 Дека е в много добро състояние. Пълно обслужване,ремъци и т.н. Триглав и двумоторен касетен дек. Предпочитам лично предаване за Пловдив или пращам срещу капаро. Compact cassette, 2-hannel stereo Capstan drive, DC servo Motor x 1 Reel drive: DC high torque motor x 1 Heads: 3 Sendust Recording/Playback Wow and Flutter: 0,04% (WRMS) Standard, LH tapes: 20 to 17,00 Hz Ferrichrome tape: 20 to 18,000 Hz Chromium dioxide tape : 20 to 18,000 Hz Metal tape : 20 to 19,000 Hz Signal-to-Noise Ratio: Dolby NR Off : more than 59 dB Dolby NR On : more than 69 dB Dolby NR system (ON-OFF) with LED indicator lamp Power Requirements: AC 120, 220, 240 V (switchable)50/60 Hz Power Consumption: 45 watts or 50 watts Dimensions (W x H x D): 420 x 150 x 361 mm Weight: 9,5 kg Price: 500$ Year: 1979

---

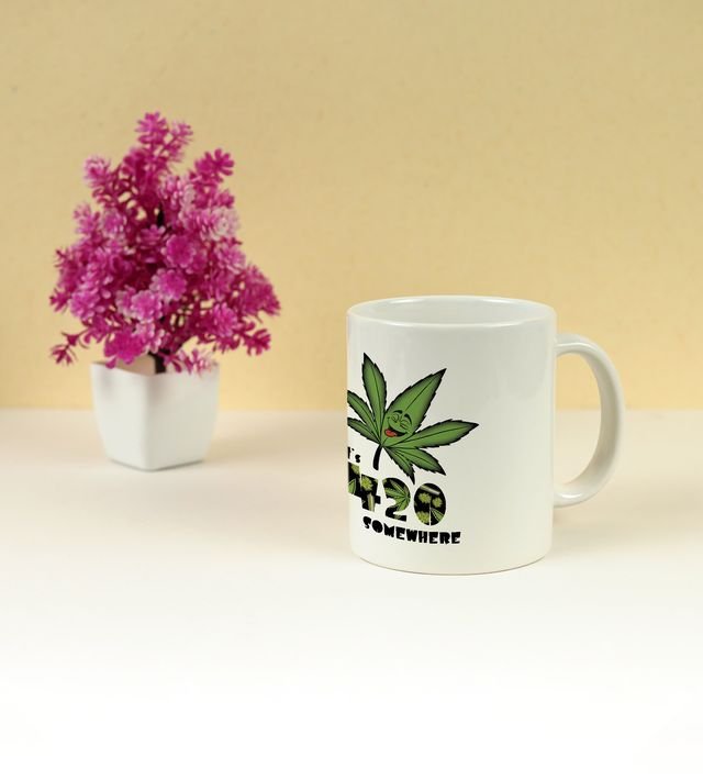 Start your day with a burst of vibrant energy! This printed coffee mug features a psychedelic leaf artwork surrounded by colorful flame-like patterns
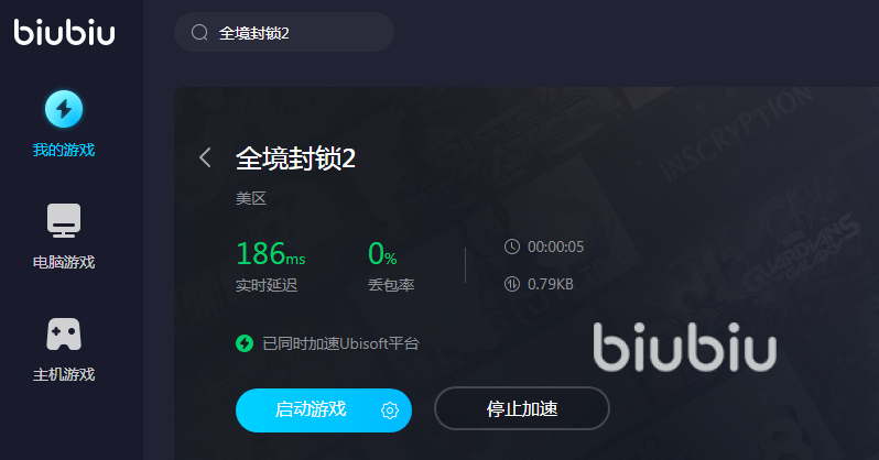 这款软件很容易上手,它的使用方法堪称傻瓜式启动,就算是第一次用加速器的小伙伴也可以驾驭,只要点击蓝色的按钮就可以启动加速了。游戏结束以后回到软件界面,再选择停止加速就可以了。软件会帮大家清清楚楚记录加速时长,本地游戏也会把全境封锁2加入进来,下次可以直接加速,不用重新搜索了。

• To do:
Lines from the one above containing "Start your day" down to the one containing "这款软件很容易上手,它的使用" should be transcribed exactly, with both ends kept and no pictures.

• Solved problem:
 Start your day with a burst of vibrant energy! This printed coffee mug features a psychedelic leaf artwork surrounded by colorful flame-like patterns
 这款软件很容易上手,它的使用方法堪称傻瓜式启动,就算是第一次用加速器的小伙伴也可以驾驭,只要点击蓝色的按钮就可以启动加速了。游戏结束以后回到软件界面,再选择停止加速就可以了。软件会帮大家清清楚楚记录加速时长,本地游戏也会把全境封锁2加入进来,下次可以直接加速,不用重新搜索了。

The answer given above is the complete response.